Melasmas: Manchas Oscuras en el Rostro

Las manchas oscuras en el rostro o melasmas, son aquellas pigmentaciones faciales de color marrón o agrisado que aparecen por un exceso de melanina, pigmento natural de la piel de los seres humanos. La causa que genera este exceso es desconocida, pero se estiman como factores desencadenantes la genética, el envejecimiento, la exposición al sol, los medicamentos anticonvulsivos y los anticonceptivos. Son las mujeres las principales afectadas, pero por suerte existen varios tipos de tratamiento para atenuar y evitar las manchas oscuras en el rostro y cuello.
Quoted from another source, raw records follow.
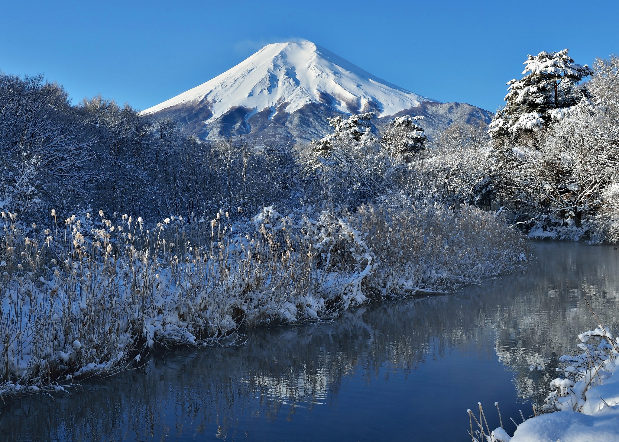 Edytor tapety: Zima, Góra, Fuji, Rzeka, Japonia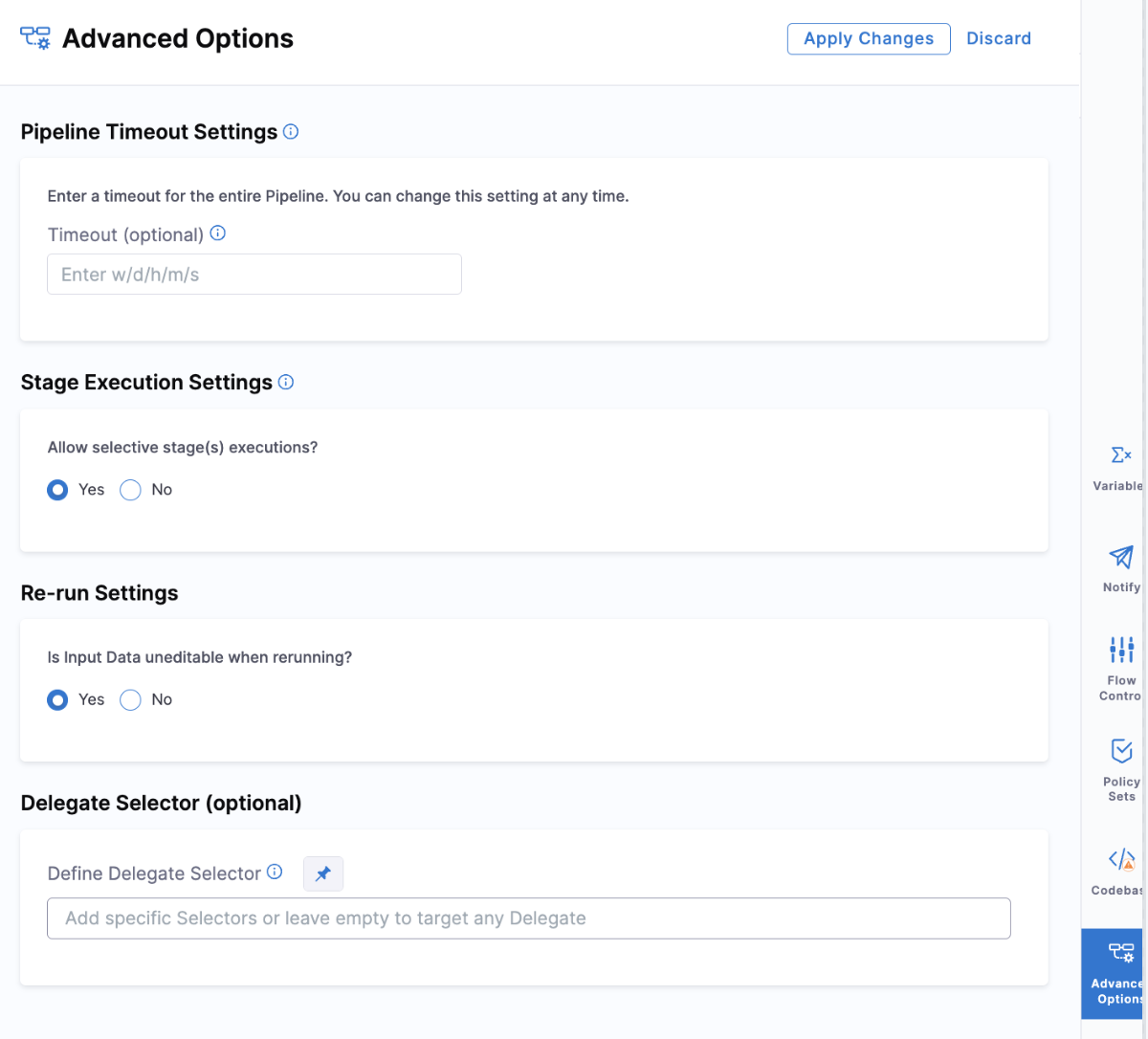 Select Advanced Options in Pipeline Settings In the pipeline settings, click on Advanced Options.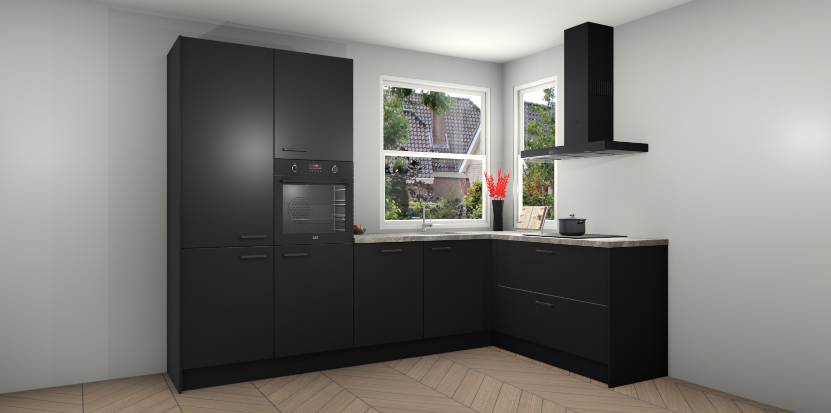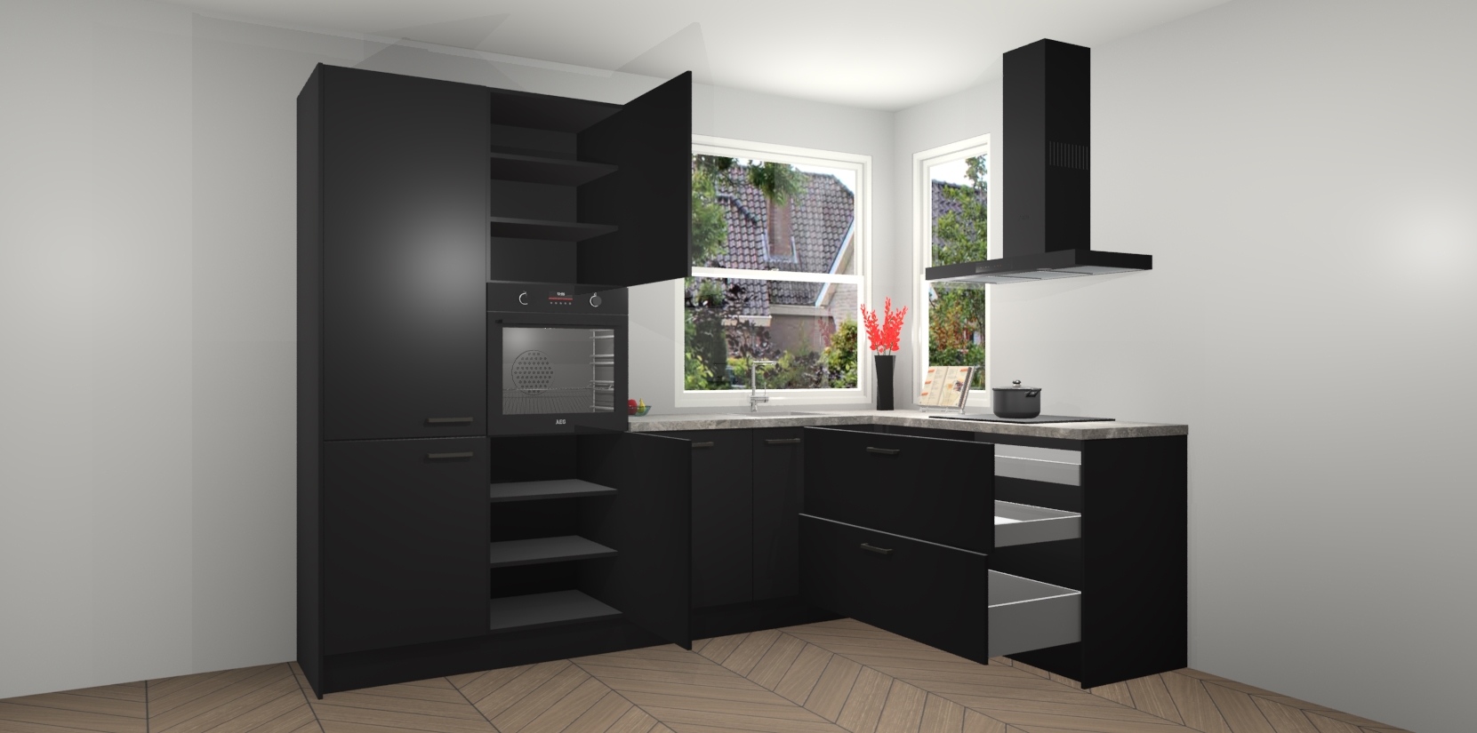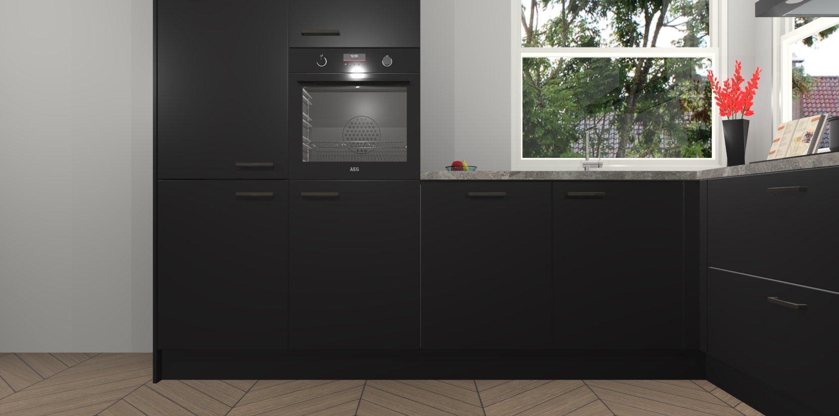 Elke Zwarte keuken Kotor wordt compleet geleverd met vijf inbouwapparaten, waaronder een oven, inductiekookplaat, afzuigkap, vaatwasser en koelkast. Sterker nog - indien gewenst kunt u deze apparaten na bestelling eenvoudig upgraden naar AEG! Extra functies zijn onder andere soft close deuren voor extra gemak, en elke kast wordt voor gemonteerd geleverd zodat u sneller van uw nieuwe keuken kunt genieten.

El tratamiento con hidroquinina (HQ) tiene la virtud de inhibir la conversión de tirosina en melanina y degradar los melanosomas ya presentes en el cutis. La HQ puede reforzarse con Tretinoína, que prevendrá su oxidación, prolongando así su eficacia.
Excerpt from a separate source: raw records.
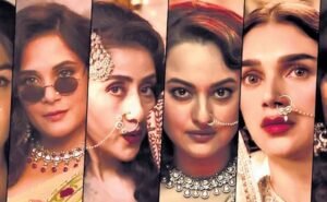 Heeramandi, a period drama, portrays the lives of courtesans in the red-light area of Lahore. While the area, during the Mughal rule, was a centre of classical arts practised by tawaifs who enjoyed royal patronage, it was reduced to a hub of prostitution under British rule. The eight-episode series will capture this tumultuous milieu through a tale of love, betrayal, loss and power games, brought on screen by actors Sonakshi Sinha, Manisha Koirala, Richa Chadha, Aditi Rao Hydari, Sanjeeda Shaikh and Sharmin Segal, decked in angiya (bodice) with ghaghras, shararas, kalidar pyjamas with kurtas and sheer dupattas to sequin saris and more, all made by the Narulas.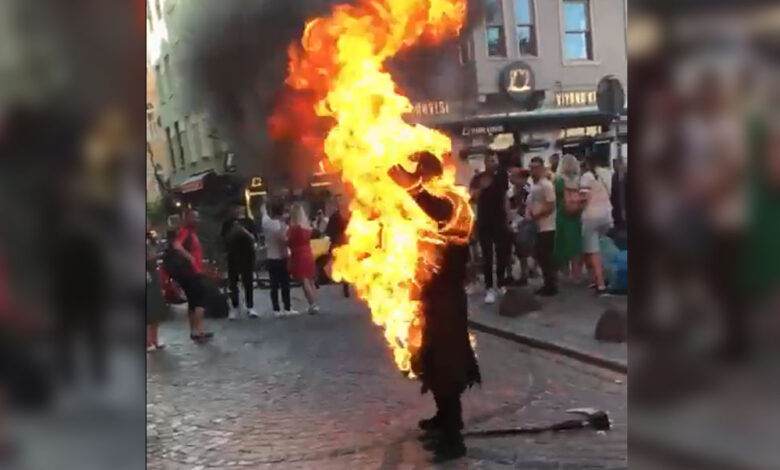 وفي بادئ الأمر اعتقد المارة أن الأمر برمته بمثابة استعراض فني، غير أن العاملين في أحد فنادق المنطقة سارعوا إلى إخماد النيران باستخدام طفاية حريق.
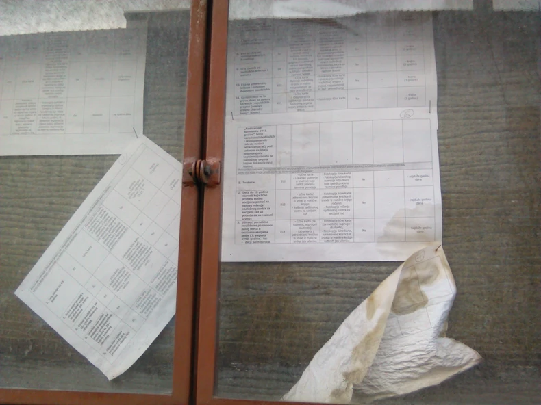 Ispred GSP-a naišli smo na oglasnu tablu, koja je uokvirena ramom i staklom, a na njoj papiri koji su presavijeni i ižvrljani.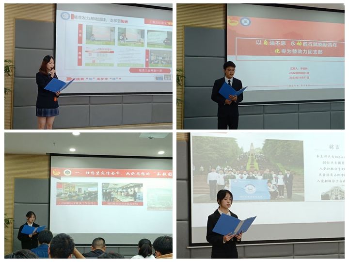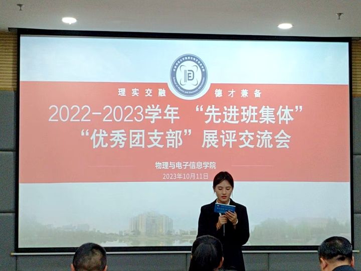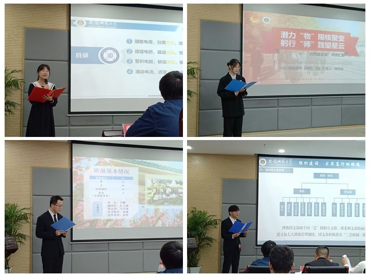 展评会上,13位申报班级、团支部员工代表依次上台汇报,利用演示文稿展示了他们在组织建设,思想引领,实践创新,学风培养等方面付出的努力及取得的成效。电子信息工程2020级1班以“激扬青春电子人,引领创“芯”未来路”为题,讲述101名电子人追求创新、力求卓越的奋斗历程;物理2021级拔尖人才班围绕“拔尖”这一主题,讲述物理学子在学业、科研、竞赛等方面的创建成果;物理学(师范)2022级2班团支部以“函数图”、“强磁场”、“向心力”、“高势能”自喻,展示凝心聚力打造的优秀团支部。各参评集体,立足公司“格物”员工社区采取的创新举措、取得的良好成果得到了评委老师和员工代表的肯定,也赢得阵阵掌声。

El peeling también puede ayudar, pero esencialmente a personas de tez clara. En personas de tez oscura podría tener el efecto indeseado de una sobrepigmentación después del tratamiento. Sin embargo, la presencia de melasmas en pieles más claras puede ser a la larga más nociva.

Lo cierto es que cualquier método será más eficaz erradicando melasmas situados en la epidermis, y no en la dermis. Un examen utilizando la luz de Wood determinará la distribución de la pigmentación .
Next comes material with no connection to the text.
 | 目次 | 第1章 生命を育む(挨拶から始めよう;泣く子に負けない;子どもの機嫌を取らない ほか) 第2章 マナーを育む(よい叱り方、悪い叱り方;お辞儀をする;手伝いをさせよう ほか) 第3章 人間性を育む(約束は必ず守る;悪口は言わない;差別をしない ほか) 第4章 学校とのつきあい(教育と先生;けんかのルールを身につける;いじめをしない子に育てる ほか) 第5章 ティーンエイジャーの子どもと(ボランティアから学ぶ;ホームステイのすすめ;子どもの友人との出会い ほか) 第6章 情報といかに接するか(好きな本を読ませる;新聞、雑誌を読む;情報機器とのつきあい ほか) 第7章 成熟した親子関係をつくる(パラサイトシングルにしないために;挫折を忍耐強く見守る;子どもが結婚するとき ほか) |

Un remedio natural que ayuda bastante consiste en la aplicación de zumo de limón sobre la región afectada.

Para evitar la aparición de manchas oscuras es útil usar bloqueadores solares con un SPF superior a 30. La exfoliación rutinaria de la piel dañada y muerta también será se aconseja.

Yendo un paso más allá de las consideraciones estéticas, debería tomarse a las manchas oscuras en el rostro como un aviso para descartar males subyacentes, como la enfermedad de Addison, la hemocromatosis, la cirrosis biliar, el síndrome de Peuts-Jeghers. Las manchas oscuras constituyen incluso un factor de riesgo a los melanomas, grave variedad del cáncer de piel.